As I understand it, all transactions are Thread-bound (i.e. with the context stored in ThreadLocal). For example if:
I start a transaction in a transactional parent method
Make database insert #1 in an asynchronous call
Make database insert #2 in another asynchronous call
Then that will yield two different transactions (one for each insert) even though they shared the same "transactional" parent.
For example, let's say I perform two inserts (and using a very simple sample, i.e. not using an executor or completable future for brevity, etc.):
#Transactional
public void addInTransactionWithAnnotation() {
addNewRow();
addNewRow();
}
Will perform both inserts, as desired, as part of the same transaction.
However, if I wanted to parallelize those inserts for performance:
#Transactional
public void addInTransactionWithAnnotation() {
new Thread(this::addNewRow).start();
new Thread(this::addNewRow).start();
}
Then each one of those spawned threads will not participate in the transaction at all because transactions are Thread-bound.
Key Question: Is there a way to safely propagate the transaction to the child threads?
The only solutions I've thought of to solve this problem:
Use JTA or some XA manager, which by definition should be able to do
this. However, I ideally don't want to use XA for my solution
because of it's overhead
Pipe all of the transactional work I want performed (in the above example, the addNewRow() function) to a single thread, and do all of the prior work in the multithreaded fashion.
Figuring out some way to leverage InheritableThreadLocal on the Transaction status and propagate it to the child threads. I'm not sure how to do this.
Are there any more solutions possible? Even if it's tastes a little bit of like a workaround (like my solutions above)?

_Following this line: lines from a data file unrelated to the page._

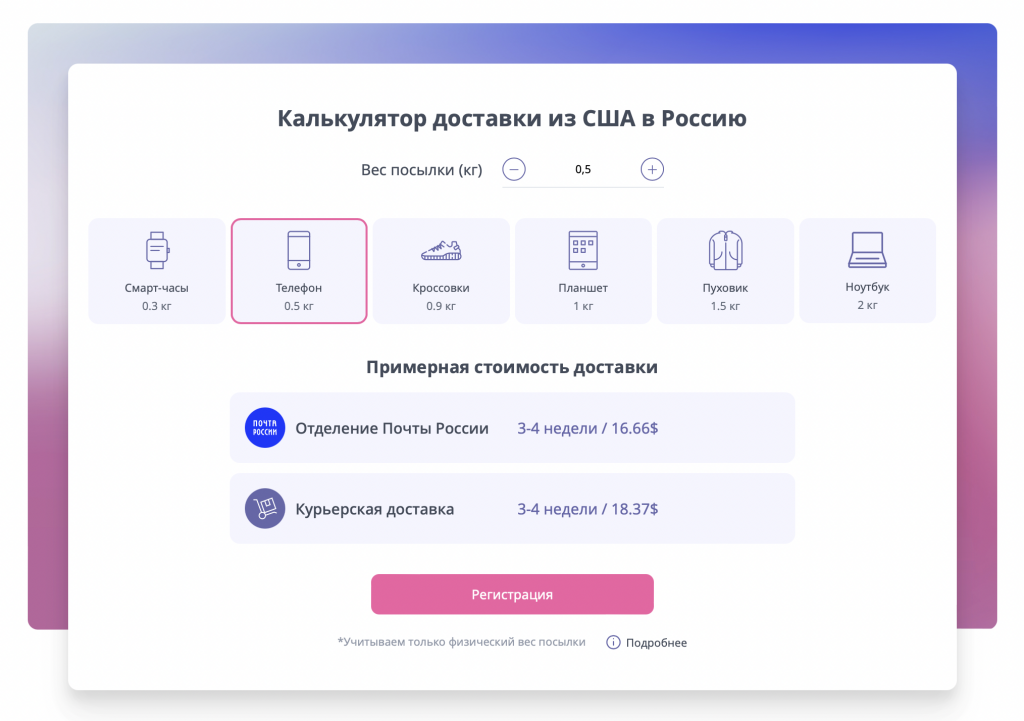 На данный момент стоимость услуг «Почты Global» довольно скромна. Из онлайн-калькулятора следует, что доставка смартфона из США будет стоить около $17, а ноутбука — $36. С учетом того, что цены на том же американском сайте Apple на определенные девайсы кардинально отличаются от цен в России, сэкономить можно довольно существенно. При расчетах не забудьте прибавить к сумме покупки таможенную пошлину
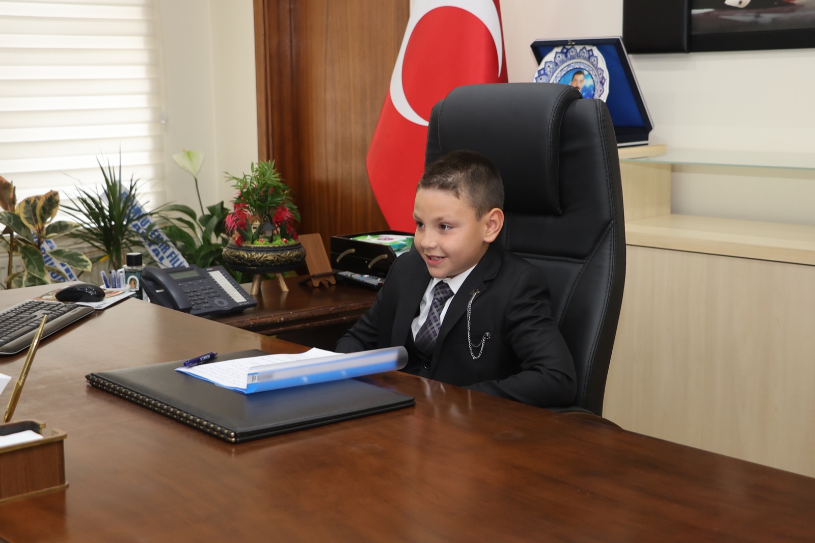 Kula’da Çocuk Belediye Başkanı Ege Kaan, Makam Koltuğuna Oturdu
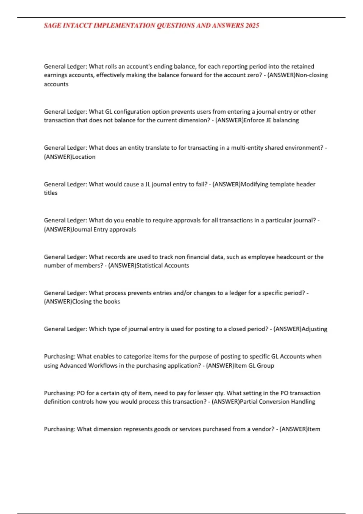 , SAGE INTACCT IMPLEMENTATION QUESTIONS AND ANSWERS 2025
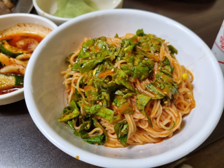 우리가 주문한 비빔국수는 집에서 후루룩 만들어낸 그런 국수였다.
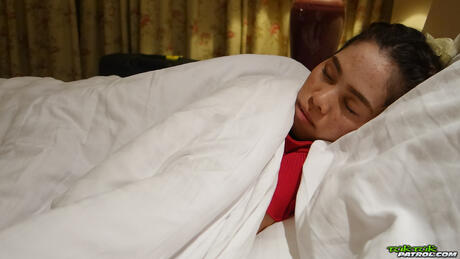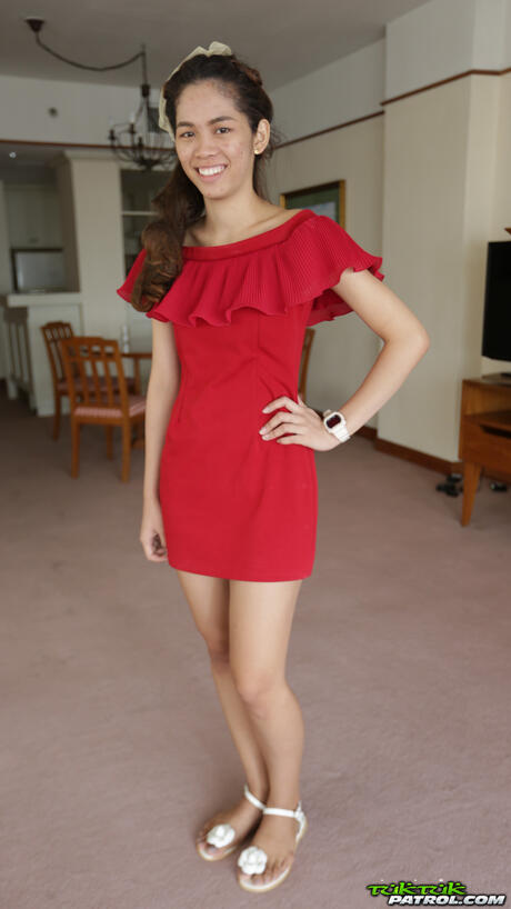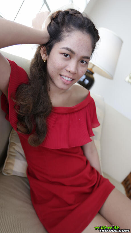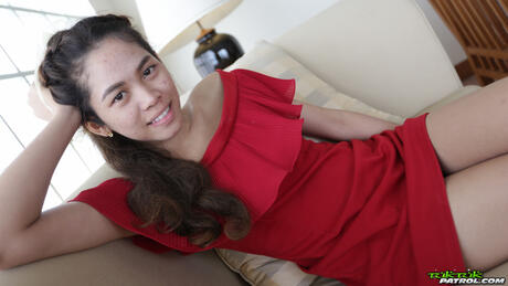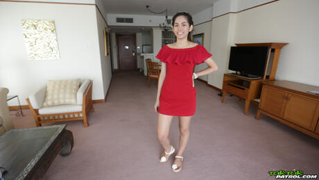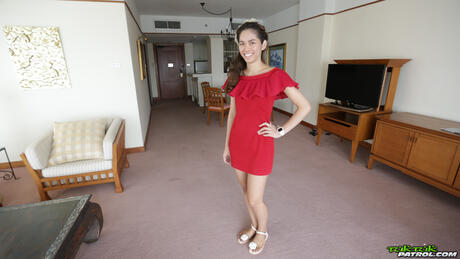 Tuk Tuk Patrol: Superb Asian Mee strips off her red dress and presents her perfect butt on a bed
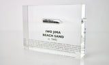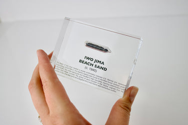 This exquisite display houses a glass ampoule which encapsulates authentic sand from the shores of Iwo Jima Beach, the very site of the historic Battle of Iwo Jima during World War II, which began on February 19, 1945.
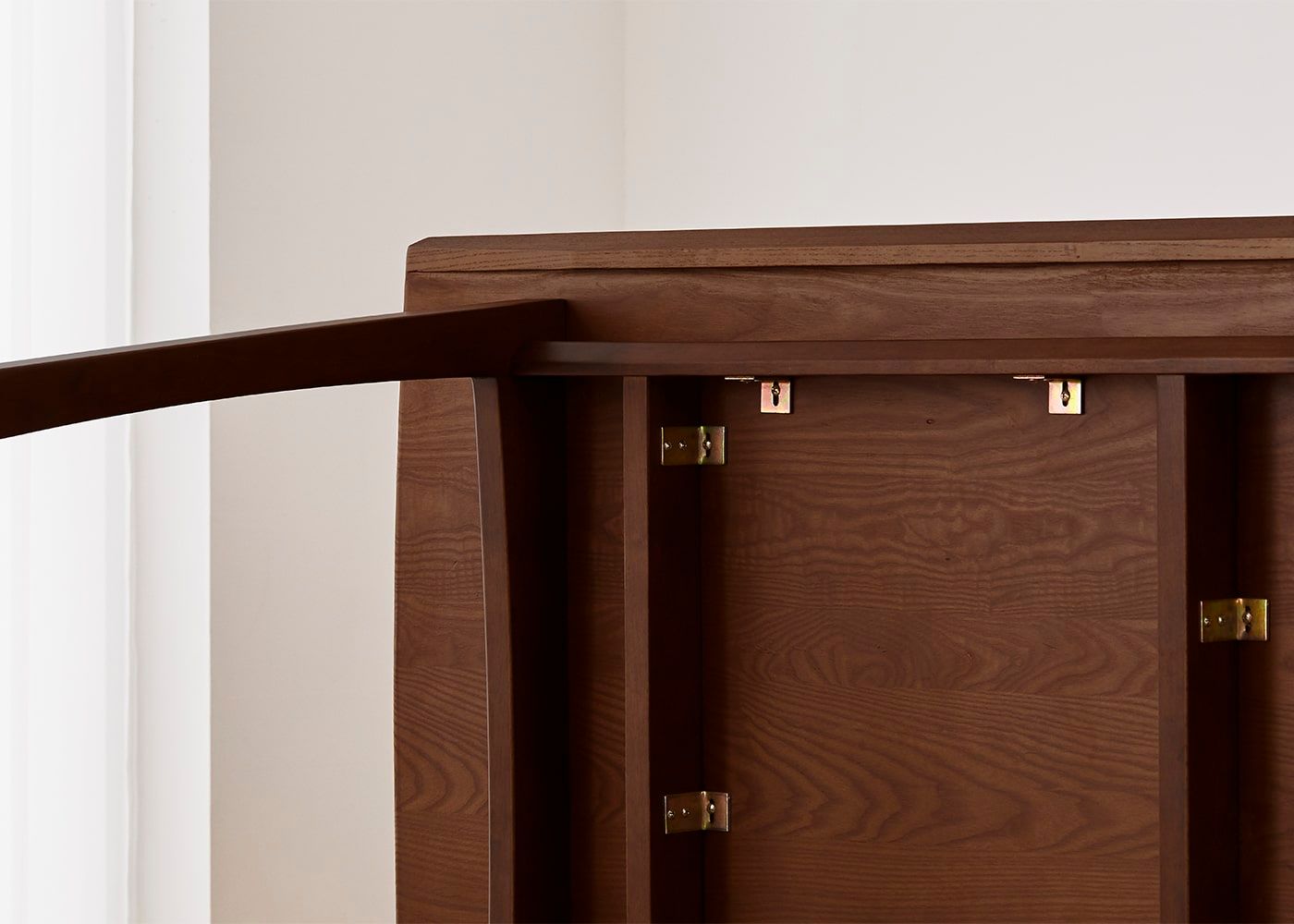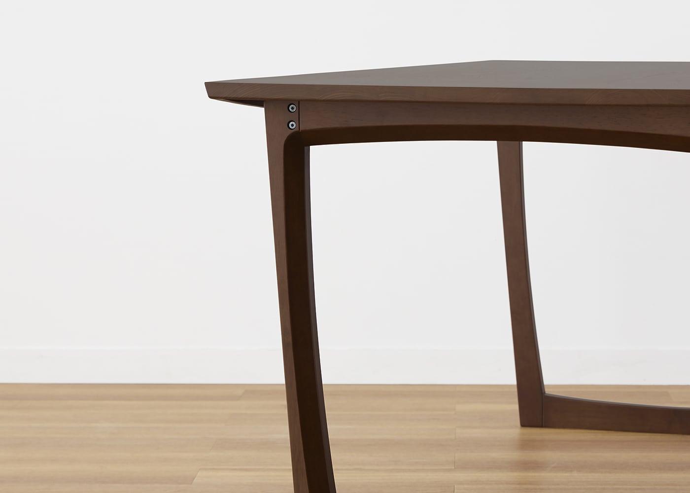 円弧を描いた天板のフォルム。緩やかな曲線が空間にやさしい印象を与えてくれます。お子様がいるご家庭でも安心して使える形状です。
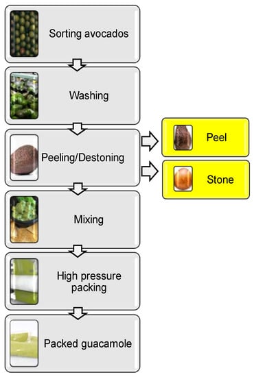 Another star product of the avocado is guacamole, whose production process (Figure 5) consists of the selection of ripe avocados, washing, and, as for the extraction of oil, removing the peel and stone to recover the pulp. Then, it is mixed with others elements (onion, tomato, and salt, basically) to finally obtain the guacamole, which is packaged [].
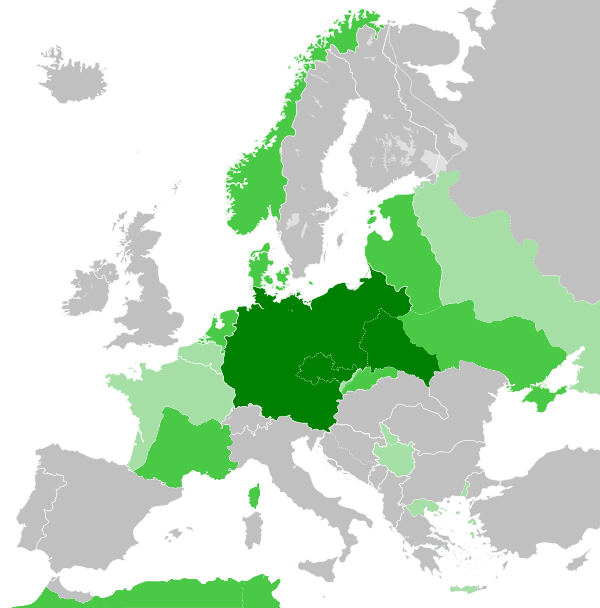 Император Карл V был противником Реформации. Однако многие княжества и города выступили против него и начали войну против своего императора. В конце концов, в 1555 году был заключён Аугсбургский религиозный мир, по которому в империи была провозглашена свобода вероисповедания.
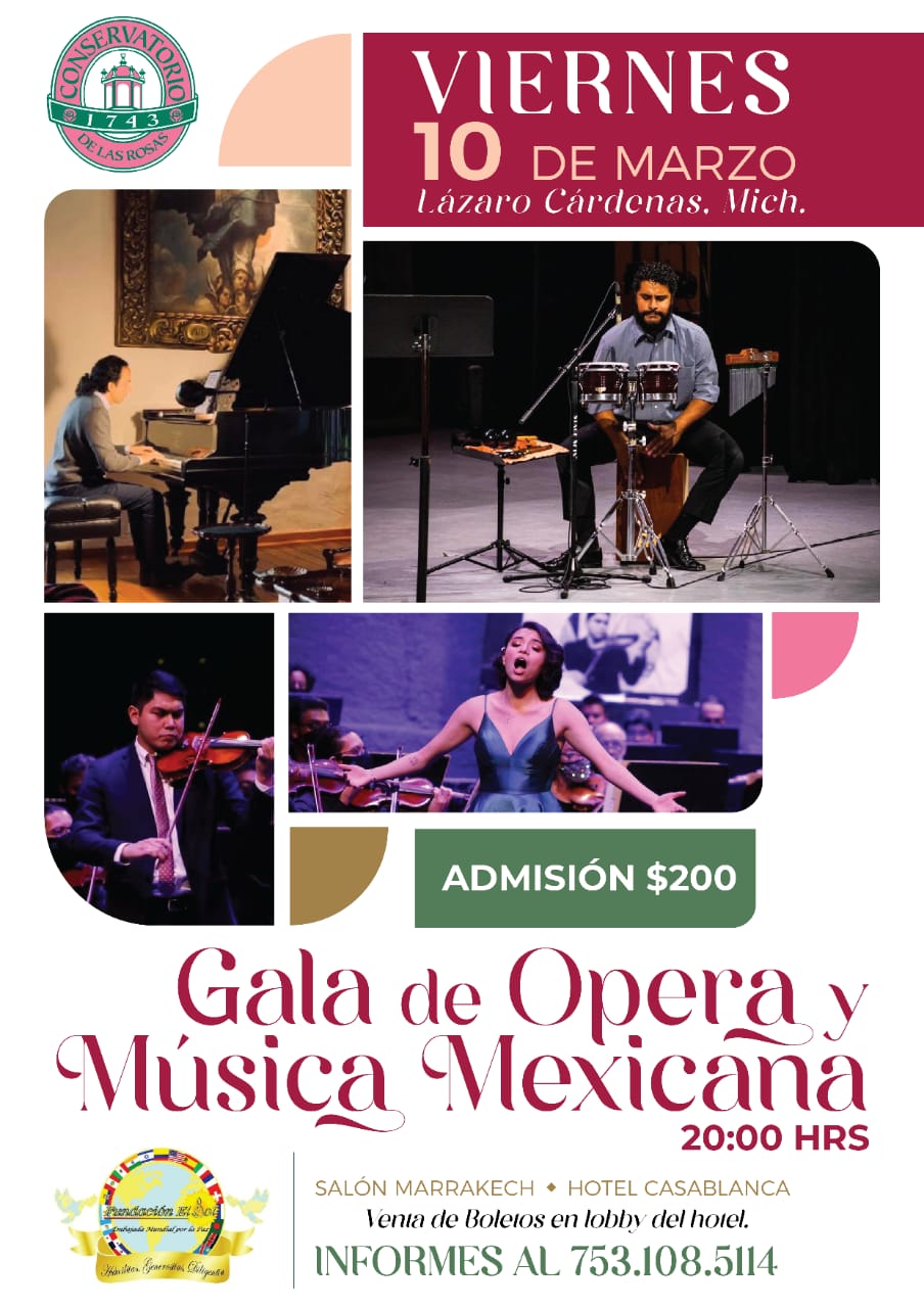 LÁZARO CÁRDENAS, MICH.- Llegará al puerto de Lázaro Cárdenas con Gala de Ópera y Música Mexicana, del Conservatorio de Las Rosas y Fundación El Sol la compañía de ópera, que el próximo viernes 10 de marzo, a partir de las 20:00 horas, presentará en el Salón Marrakech la obra de Gala de Ópera y Música de Mexicana, así lo dio a conocer Sergio Omar García Rodríguez, promotor cultural en Lázaro Cárdenas.
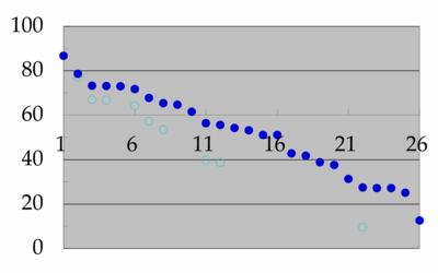 履修登録25名で期末試験受験者11名、単位取得7名(B3/C4)。単位取得率は実質で64%、名目で28%。持込不可のため成績は振るわなかった...と思いきや単位取得率は持込可の欧州と変わらず。付言すれば履修登録者数も受験者数も単位取得者数も同じ。なんだろう...更に言えば、採点結果提出用マークシートもちょうど25名で1枚だったりする。次回は、踏み台問題が必要だな...。
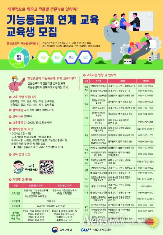 먼저, 건설기능인을 위한 기능등급 연계교육은 건설현장에서 일하는 기능인력의 체계적인 육성을 위해 최초로 시행되고 있는 기능등급별 맞춤 교육으로 건설기능인의 전문성 향상을 위해 국토교통부 주관으로 2022년 최초 실시(6개 직종) 이후, 2023년 12월부터 2배 늘어난 12개 직종으로 확대하여 시행하고 있다.
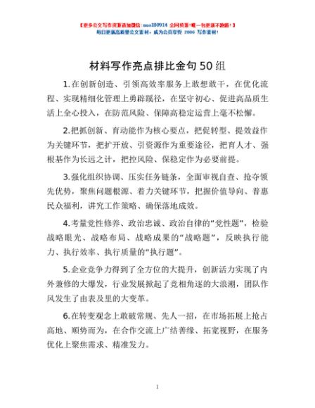 / 材料写作亮点排比金句50组
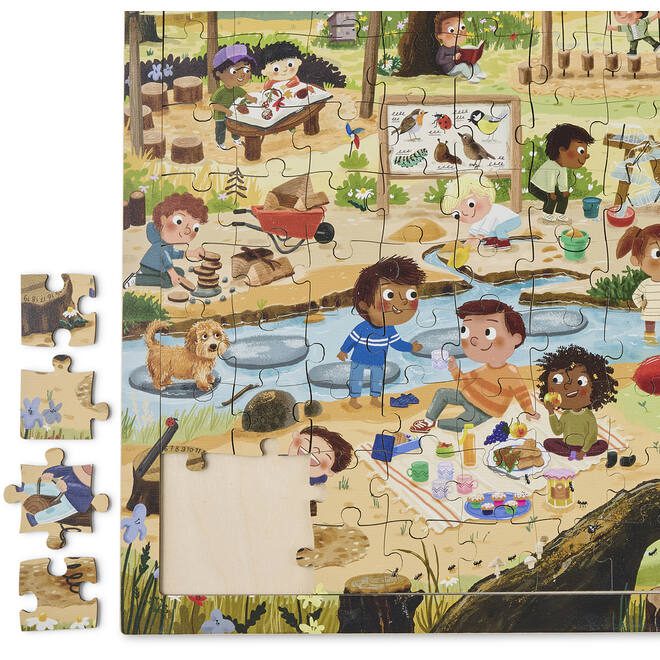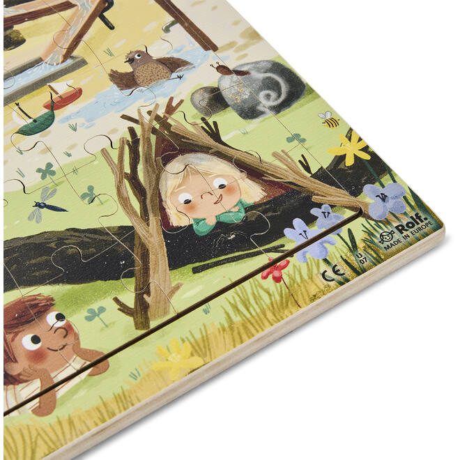 Puzzle and play on the nature playground. While puzzling, meet the children on the board and discover everything there is to do at this playground. Look for the animals, the watercourse, the chain reaction, the sundial, and the delightful picnic. Size: 50 x 40 cm ; 120 puzzle pieces
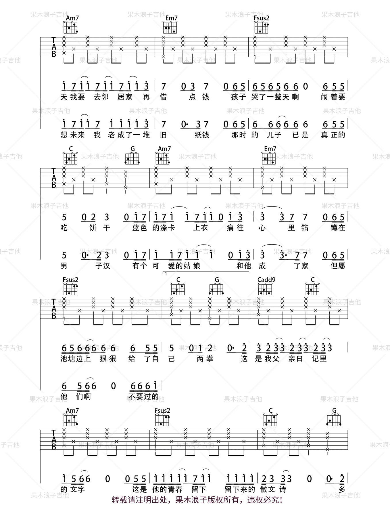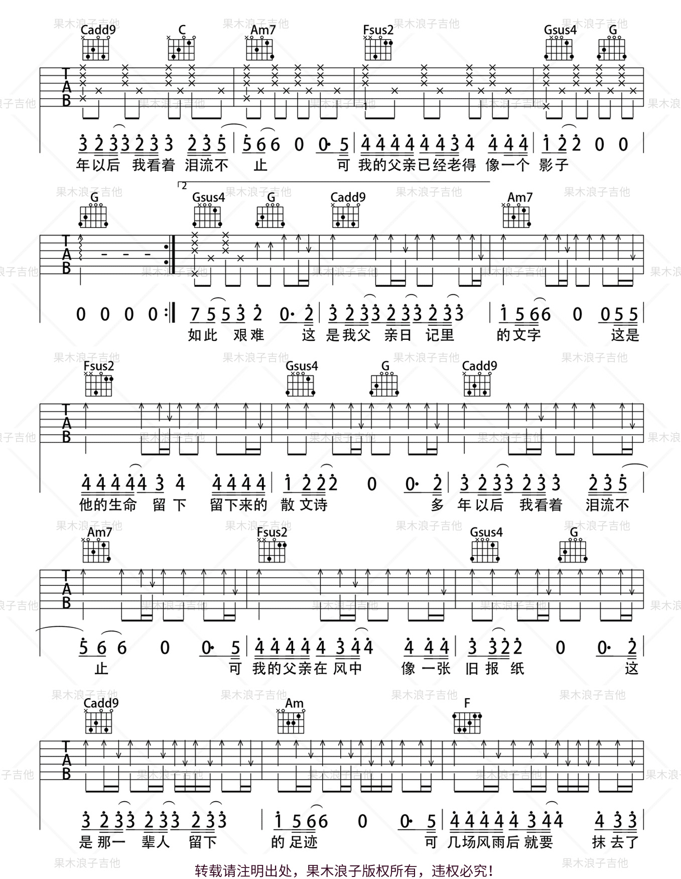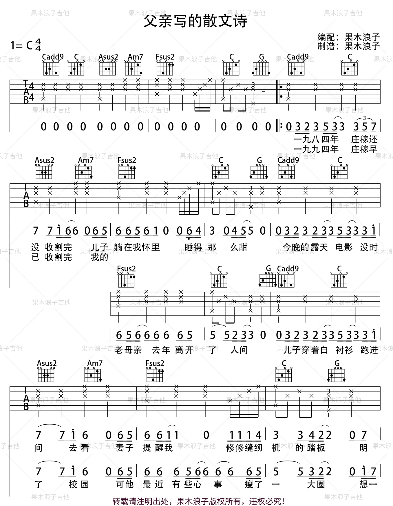 曲谱介绍: 李健《父亲写的散文诗》吉他弹唱谱,采用C调指法编配原版,共有4张高清图谱。

The JTA API has several methods that operate implicitly on the current Thread's Transaction, but it doesn't prevent you moving or copying a Transaction between Threads, or performing certain operations on a Transaction that's not bound to the current (or any other) Thread. This causes no end of headaches, but it's not the worst part...
For raw JDBC, you don't have a JTA Transaction at all. You have a JDBC Connection, which has its own ideas about transaction context. In which case, the transaction is Connection bound, not thread bound. Pass the Connection around and the tx goes with it. But Connections aren't necessarily threadsafe and are probably a performance bottleneck anyhow, so sharing one between multiple concurrent threads doesn't really help you. You likely need multiple Connections that think they are in the same Transaction, which means you need XA, since that's how the db identifies such cases. At which point you're back to JTA, but now with a JCA in the picture to handle the Connection management properly. In short, you've reinvented the JavaEE application server.
For frameworks that layer on JDBC e.g. ORMs like Hibernate, you have an additional complication: their abstractions are not necessarily threadsafe. So you can't have a Session that is bound to multiple Threads concurrently. But you can have multiple concurrent Sessions that each participate in the same XA transaction.
As usual it boils down to Amdahl's law. If the speedup you get from using multiple Connections per tx to allow for multiple concurrent Threads to share the db I/O work is large relative to what you get from batching, then the overhead of XA is worthwhile. If the speedup is in local computation and the db I/O is a minor concern, then a single Thread that handles the JDBC Connection and offloads non-IO computation work to a Thread pool is the way to go.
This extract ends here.